# Distance from my house to my well.



## oh'mike (Sep 18, 2009)

The distance should not matter a bit----Are you in a cold climate? I'd be sure the waterline is well below the frost line.

How far away from the house is the well?


----------



## kuebeck89 (Apr 9, 2011)

I am in MD so it doesn’t get dramatically cold but I am probably 600ft from the well. I am building a new house and going to use the existing well. Is there anything that I should upgrade or do?

Thanks
DK


----------



## oh'mike (Sep 18, 2009)

I have a well---and a good knowledge of plumbing----However, I am not an expert in this area.

Let's keep this post near the top until someone with a lot of experience checks in.

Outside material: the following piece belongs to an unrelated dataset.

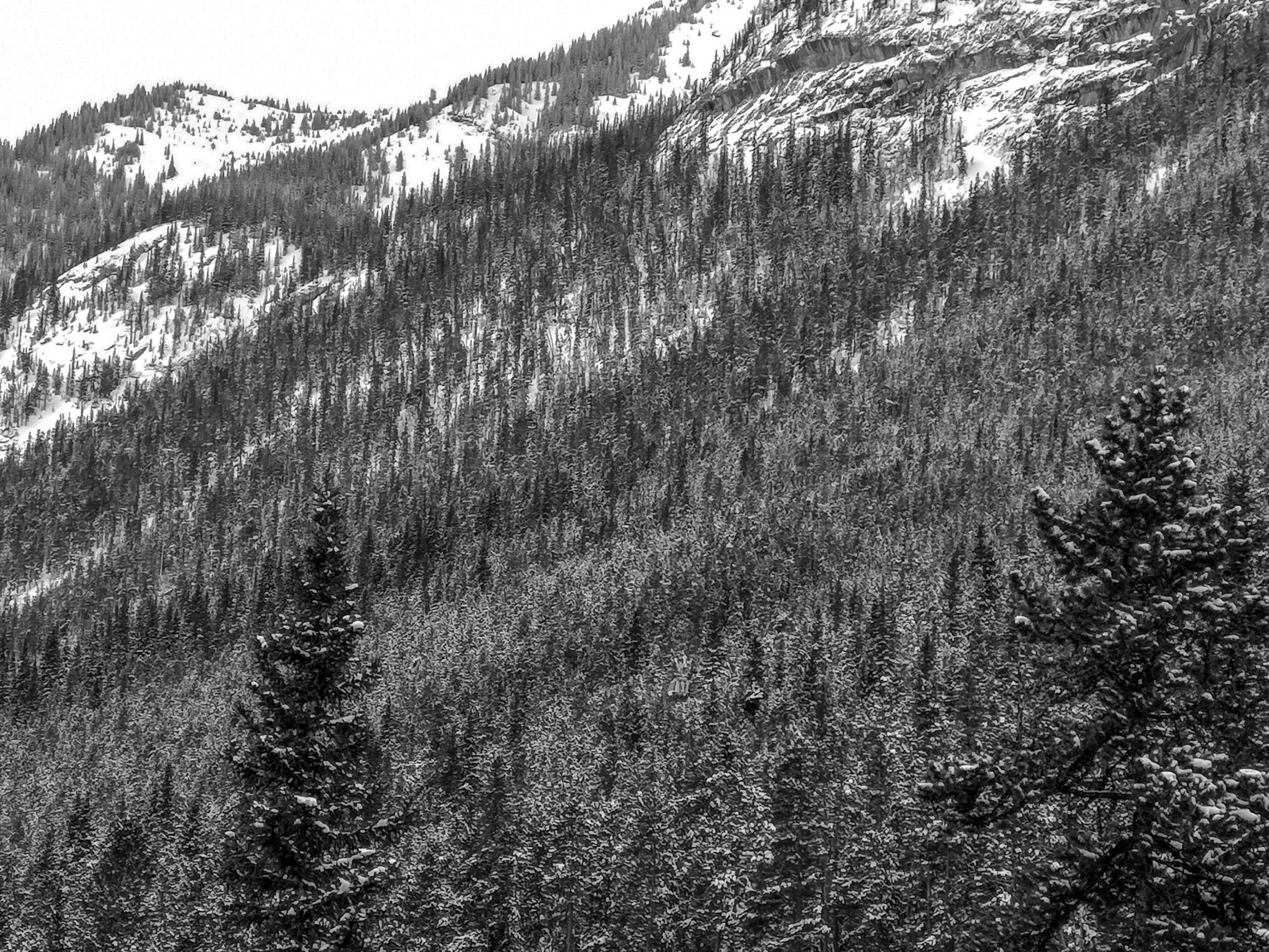 This is the view from the top of Mountain Avenue, town of Banff. Sulphur mountain gondola at the end of the road. Upper hot springs to the right, and the Rimrock resort hotel to the left. A Huawei P20 Pro Smartphone was used.

In the mean time----what do you know about the well-----Type of pump? Depth?

----Mike-----


----------



## kuebeck89 (Apr 9, 2011)

I know it is 265ft deep put in the ground in 1989. No idea about the pump. We currently use it now for the trailer that we live in but we only have 1 bathroom and 1 kitchen sink that we use.


----------



## oh'mike (Sep 18, 2009)

That's a nice deep well. Mine's 135 deep---Come on well guys---I'm over my head here--Help answer this fellows question.----Mike----


----------



## DexterII (Jul 14, 2010)

I suspect that the size of line you use for that length of run is going to be more of a factor than the pump itself, particularly for one sized for that depth, but the well driller should have records indicating the pump that was used, and then you should be able to check the manufacturer's website, or call them, for the spec's on your model number.


----------



## Thurman (Feb 9, 2009)

The size of the pump will be critical here. The rate horsepower (HP), the gallons-per--minute (GPM) of flow, and the head pressure will some of the determining factors with you 600 foot distance. Head pressure has to do with how much water you will have at a give pressure at a give height above pump. You may even be required to install a separate water tank at the well site for storage and to build up water pressure to push the water the 600 feet at the nominal pressure for your home. I highly suggest you find whomever put this well in, your local county's records should show this as it is deemed "potable water".


----------



## Maintenance 6 (Feb 26, 2008)

A couple of considerations. I assume that the well and pump set up works for the trailer. Is there any significant difference in elevation between the trailer and the new house? 1/2" pipe or perhaps even 3/4" won't like that 600' distance. You'll get some serious pressure loss while under flow, so plan on bumping up your pipe size. Also you need to consider the electrical requirement. 600 more feet could give you some serious voltage drop unless you size the wire correctly. And you'll want that 600' in one run. You don't want to have buried splices giving you fits a few years down the road.


----------



## kuebeck89 (Apr 9, 2011)

What size of pipe would you recommend that I run?


----------